A novel electrochemical flow cell employing porous electrodes and two complete but intermixed electrochemical cells for highly efficient sequential electrolysis is introduced. We demonstrate that this cell can be well-controlled through operation of the upstream cell in galvanostatic modes, accounting for the potential shifts observed at the second electrode due to the HOR current flowing through the solution resistance between the second working electrode and its reference electrode. The flow cell exhibits highly efficient hydrogen oxidation and subsequent hydrogen reduction with the use of porous Nb, Pt-decorated porous Nb, and Pt-decorated carbon cloth as the downstream working electrode. HER conversion efficiency results show that the Nb and carbon cloth-based electrodes have geometric morphologies well-suited to efficient electrolysis in the flowing electrolyte.
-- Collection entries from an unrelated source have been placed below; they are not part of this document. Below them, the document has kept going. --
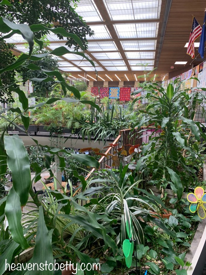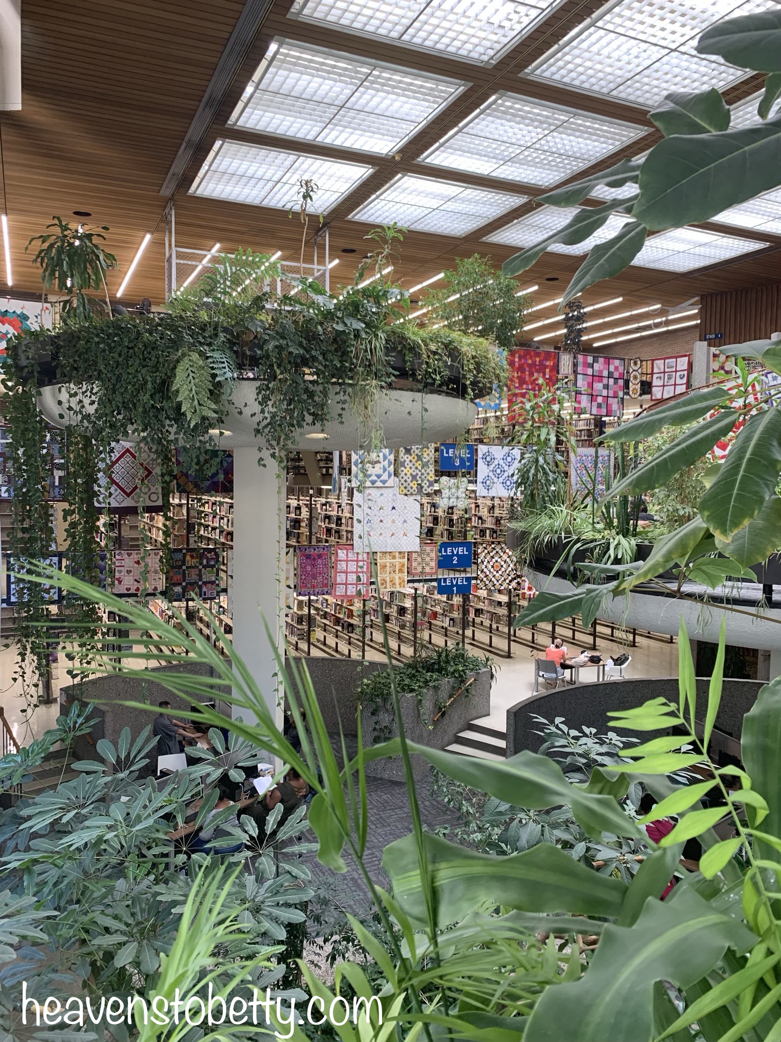 On Friday, we visited the downtown Reno library. Oh my! What an amazing library! It was, as S said, “like a rainforest”. Their rotating art display was from the Truckee quilt guild. What a gorgeous library. Check out these photos. This was my favorite part of Reno!
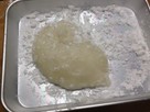 さらにもう1分、様子を見ながら加熱しよく混ぜる。(全部で4分加熱)片栗粉をしいたバットなどにあけ、10等分する。
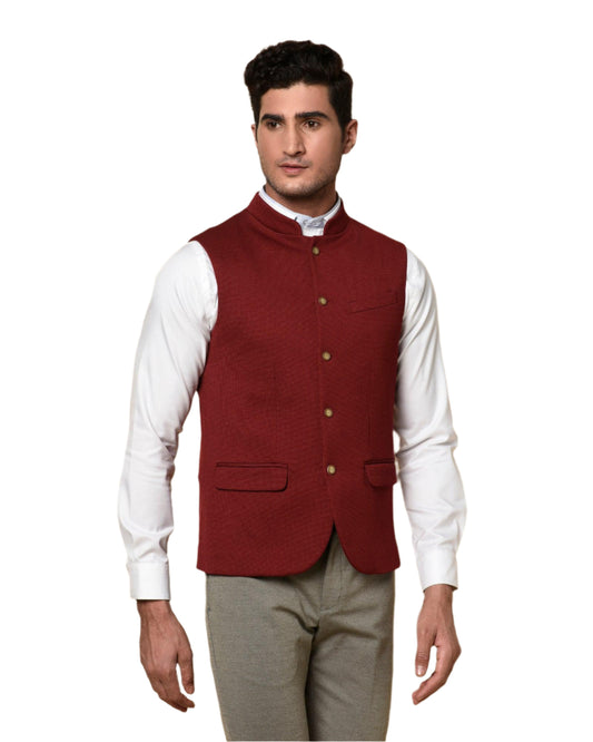 Bandhgala Formal Peach Textured Waistcoat - Sable [₹ 2,625]
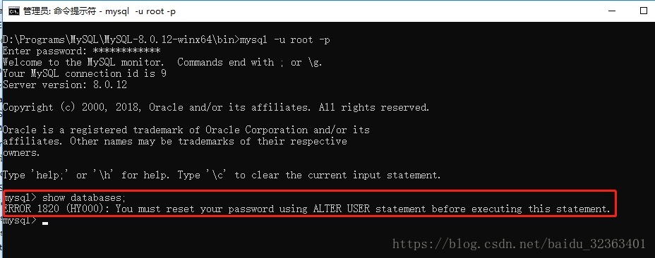 当然,还有一种初始化方式是不会产生随机密码的,但是也需要在正式使用数据库前设置密码,这个初始化指令为“mysqld –initialize-insecure –console”。当使用无随机密码初始化数据库时,首次登陆数据时需要使用“mysql -u root –skip-password”,即跳过密码验证方式登陆。
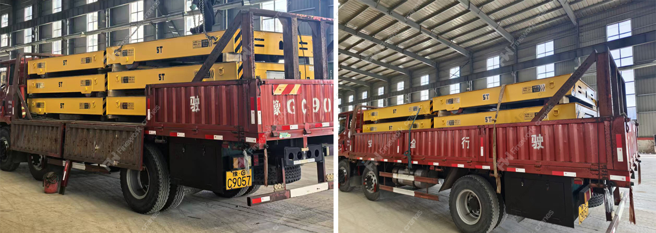 6 sets 5 ton electric Transfer Carts have been successfully produced and are about to be shipped to Australia. These electric flatbed carts are powered by high-efficiency lithium batteries, featuring zero emissions and low noise, and are suitable for short-distance indoor and outdoor transportation needs in factories and warehouses.

The large toruosity and small pore size of porous Nb lead to nearly perfect conversion efficiency, especially when functionalized with Pt. Our approach opens the door for to a new approach to tackling important electrochemical reactions with complex reaction pathways and multiple reactants, as well as studies of fundamental aspects of important electrochemical reactions over a range of pH without the need to alter the composition of the supporting electrolyte.

This research was supported by the U.S. Department of Energy, Office of Basic Energy Sciences under grant number DE-SC000868.